Every line below from the one containing "图4. 测试药物可显著改善模" through the one containing "More than 150" must be transcribed exactly. Omit all lines outside that stretch.

# DATASET CONTENT:

☆ ☆ ☆ ☆ ☆

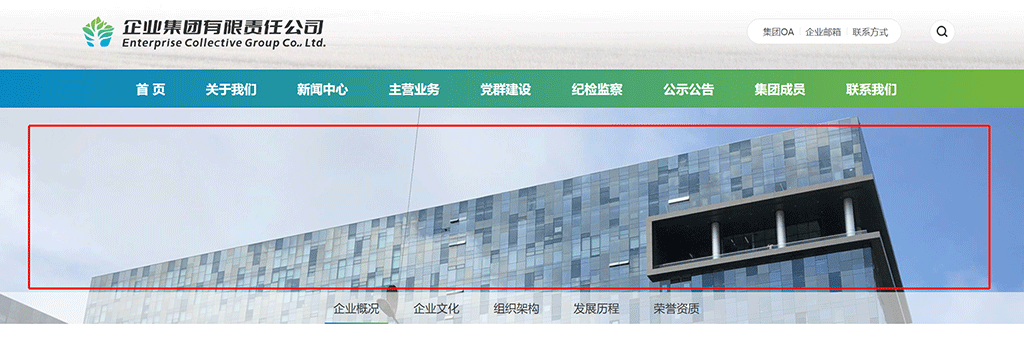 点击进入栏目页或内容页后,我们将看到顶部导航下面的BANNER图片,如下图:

☆ ☆ ☆ ☆ ☆

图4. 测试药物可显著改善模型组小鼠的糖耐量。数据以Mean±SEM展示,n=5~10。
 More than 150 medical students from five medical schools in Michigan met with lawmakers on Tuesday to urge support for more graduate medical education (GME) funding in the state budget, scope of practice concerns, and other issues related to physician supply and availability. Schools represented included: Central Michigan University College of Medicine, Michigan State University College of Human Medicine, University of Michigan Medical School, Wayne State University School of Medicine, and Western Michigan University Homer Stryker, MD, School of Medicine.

☆ ☆ ☆ ☆ ☆

# SOLVED PROBLEM:
图4. 测试药物可显著改善模型组小鼠的糖耐量。数据以Mean±SEM展示,n=5~10。
 More than 150 medical students from five medical schools in Michigan met with lawmakers on Tuesday to urge support for more graduate medical education (GME) funding in the state budget, scope of practice concerns, and other issues related to physician supply and availability. Schools represented included: Central Michigan University College of Medicine, Michigan State University College of Human Medicine, University of Michigan Medical School, Wayne State University School of Medicine, and Western Michigan University Homer Stryker, MD, School of Medicine.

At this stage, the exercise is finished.